# Cotyledons curled under



## MacroMicro (Mar 8, 2015)

Blue mystic,  Day 7 from seed in 50/50 Ffof/light warrior.  Under 2xT12 at 2-3 inches.  Soil moist, watered day of transplant of sprout from paper towel and the following day .  Trying to back off watering but soil has yet to dry (been 2 days since last water ). Doesn't seem to be improving,  first true leaves slow to develop.  Do these loom normal? 

View attachment 20150308_120923.jpg


View attachment 20150308_120849.jpg


----------



## Rosebud (Mar 8, 2015)

I guess i lost the post I just made, will try again.

Your baby is in too big of a pot that doesn't breathe. In a too big plastic pot it is hard to observe the wet/dry cycle.

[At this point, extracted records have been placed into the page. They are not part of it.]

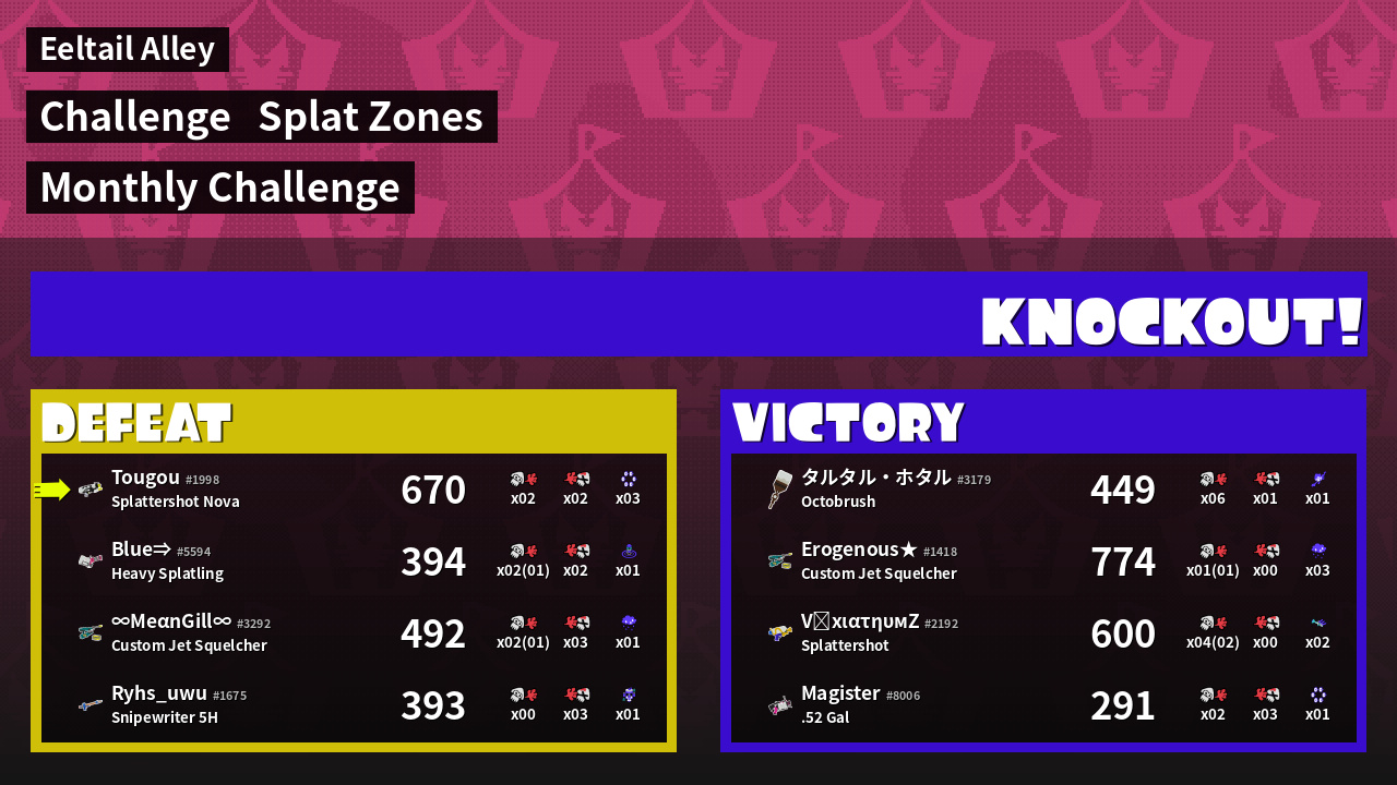 | Medals | #1 Overall Splatter #1 Splat Zone Guard #1 Turf Inker | ||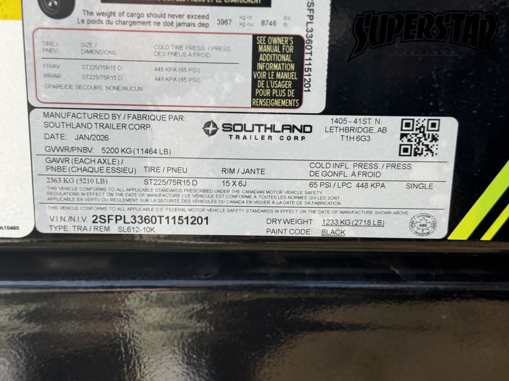 72"x12' Southland SL612-10K Dump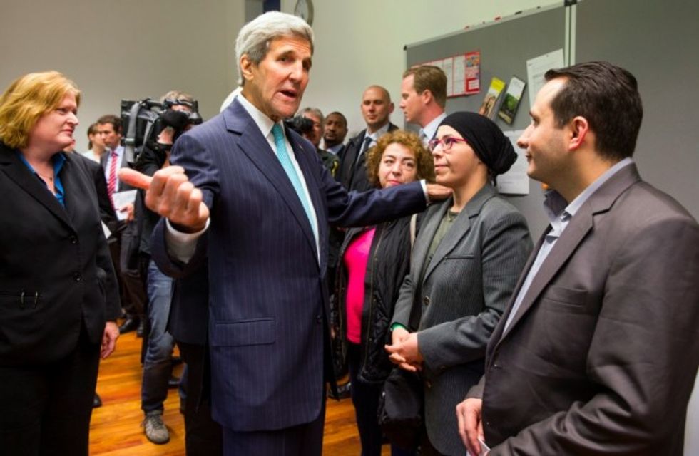 "This step is in keeping with America's best tradition as a land of second chances and a beacon of hope," Kerry said. Earlier, he and Steinmeier met with a group of refugees around a conference table on the wooded, lakeside resort-style campus of the foreign ministry's education center outside Berlin.

If you are good at transplanting I would put it in a breathable container, small smart pot, a keg cup with holes cut all over it... It is very delicate to move now, but i don't see it living in the pot it is in.   Good luck..  Green mojo and let us know how it is going.


----------



## MacroMicro (Mar 8, 2015)

Hi,  thanks.  I know the pic is kind of close up but it already is in a keg cup with 7-10 holes in the bottom.  Soil was packed loose.


----------



## MacroMicro (Mar 8, 2015)

Do you let the soil dry out between waterings at this stage?  Here's more  pics, the first two are the feminized  BMs and the second are Nirvana freebies that seem much happier. Am i just over-analyzing?


----------



## MacroMicro (Mar 8, 2015)

Oops forgot to hit attach.Am i over-analyzing? 

View attachment 20150308_141354.jpg


View attachment 20150308_141407.jpg


View attachment 20150308_141450.jpg


View attachment 20150308_141433.jpg


----------



## Rosebud (Mar 8, 2015)

Yes let it dry between waterings. They have to have a wet/dry cycle. not to the point of wilting, but almost.


----------